Koko and her team continue to travel the world, making investments in tech companies and kidnapping the scientist Elena Baburin. Bookman meets her at Dulles through Hinoki, and he warns her not to “enter then enclave”, but from Miami she travels to Cuba, to extract the extralegally-held quantum physicist Leila Ibrahim Faisa, AKA Rabbitfoot. Bookman’s underlines believe all of Koko’s actions point towards the development of a quantum computer, which would make all present supercomputers – including those that guide missiles – obsolete. At Fort Meade, MD, Chief Plame of the Special Collections Service is deploying SEAL Team 9 to foil Koko’s plans to capture Rabbitfoot from Camp No in Guantanamo.

As we suspected, there’s far more to Koko and Dr. Miami’s plans than Hek-GG. Hek-GG is just the tip of the iceberg, and even Koko’s brother and father Floyd don’t know exactly what lies beneath the surface. The CIA can hazard an educated guess, though: Koko and Miami’s goal is nothing less than total domination of the digital world. If they succeed in building a quantum computer, stupidly faster than anything else in existence, they could rule a decent chunk of the world. This is supervillain stuff, but we’ve been invested in Koko and her team for so long, we’re firmly on her side even if they’re the bad guys.
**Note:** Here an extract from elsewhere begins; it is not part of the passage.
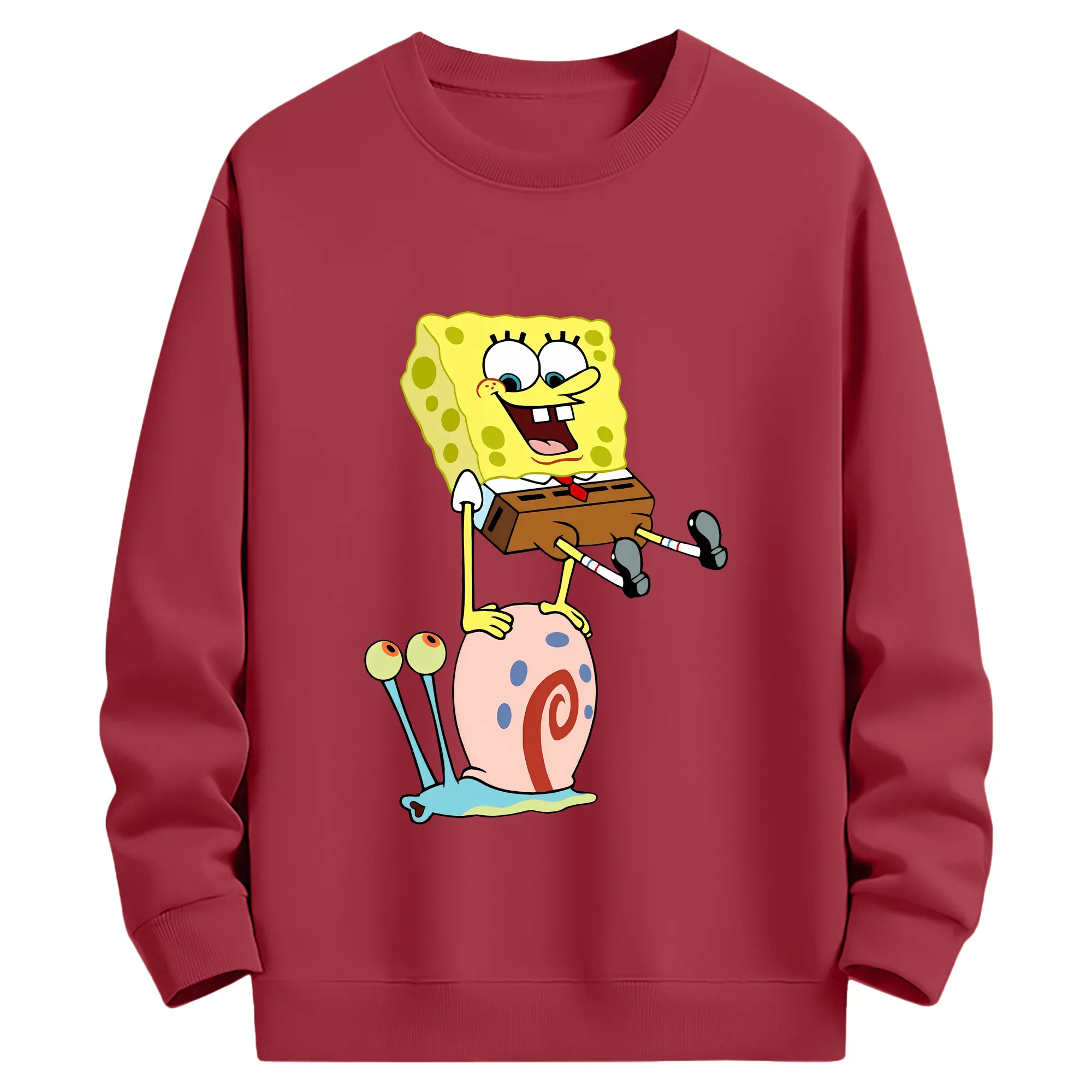 スポンジボブ グッズ カタツムリさん - 薄手 クルーネック スウェット 裏毛260g · ポリエステル 春秋向け カジュアル 男女兼用 · トレーナー デイリー スポーツ 散歩に最適

Koko is also bored with the current order of things. She wants to shake things up, open the gates to a New World (the title of this arc). This episode was more getting ducks in a row and fortifying her team’s confidence and trust in her. And while they have supervillain plans well in the works, if they don’t have their bodyguards watching their backs and guarding them when they sleep, all of this could go out like a candle in the wind. Just one bullet – out of the millions upon millions of pieces of ordinance – could end Koko’s plans. She’s crossed Bookman and ignored his warnings. Now that she’s peeking out of the shadows, it’s open season.